Given that sampling of material for ex situ

conservation occurs on a random basis to enable the

range of genetic characters and reproductive potential to

be represented, it is not unexpected to find such intra-

and inter-specific variability in germination.

Germinability of seed will be affected by the

environmental conditions under which the seed

developed. It will also be affected by the timing of

collection (see Figs 5, 6) and post-harvest conditions prior

to germination. Germination differences among

individuals have important fitness consequences and

germination differences between populations could well

be reflecting inbreeding depression (Menges 1991). There

have been suggestions that there is a relationship

between population size and germinability in species,

with larger populations exhibiting higher germination

than smaller populations (Menges 1991). Our data on

Verticordia indicate no such relationship (Figure 3).

This study has demonstrated considerable variation in

seed set and germinability in a range of taxa in the genus

Verticordia. The precariously low annual reproductive

success of some of the taxa studied indicates a need for

considerable monitoring of the health and biology of

these taxa over the long-term. Continued disturbance

such as clearing, disease or fire may result in population

decline or even localised extinction of some of the more

critically endangered taxa. Changes in population size,

degree of isolation and fitness are warning signs that

populations may be vulnerable (Ellstrand & Elam 1993)

and should cause concern to conservation managers.

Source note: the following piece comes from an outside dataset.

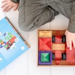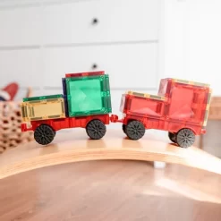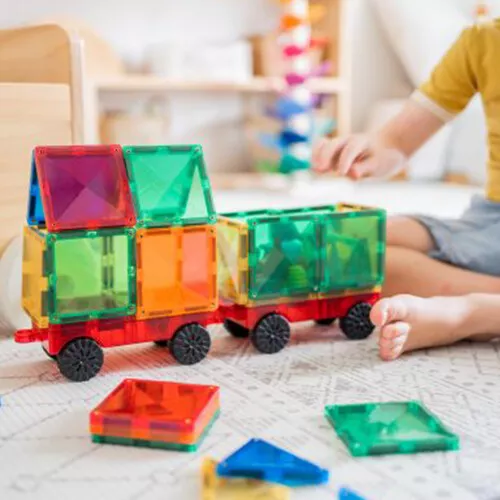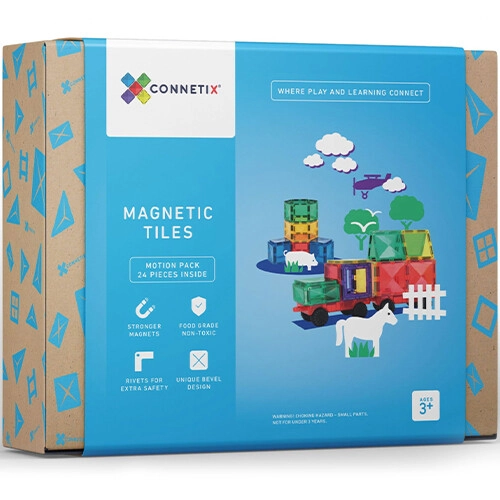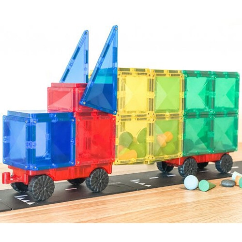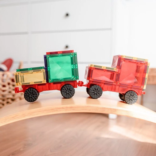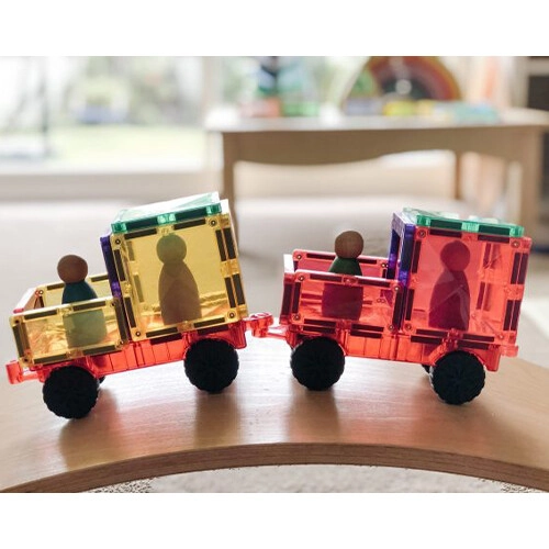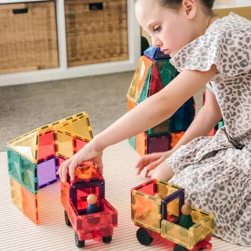 De speeltegels van Connetix hebben magnetische zijdes. Klik de magnetische speeltegels aan elkaar om verschillende voertuigen te bouwen.

Regeneration plays a major role in the composition and

floral diversity of plant communities. The regeneration

potential of a population depends on the proportions of

germinable seed successfully growing, maturing and

attaining reproductive status, as well as the reproductive

potential determined by seed set and germination. For

most taxa the effective size of the soil seedbank remains

unknown. Seedling survival through summer months is

also unknown. Further stresses due to post-dispersal

factors (seed predation and seedling mortality) in species

that already exhibit low pre-dispersal reproductive

success will critically restrict the ability of the taxon to

reconstitute populations from seed, or to maintain levels

of plants in the face of disturbance and senescence.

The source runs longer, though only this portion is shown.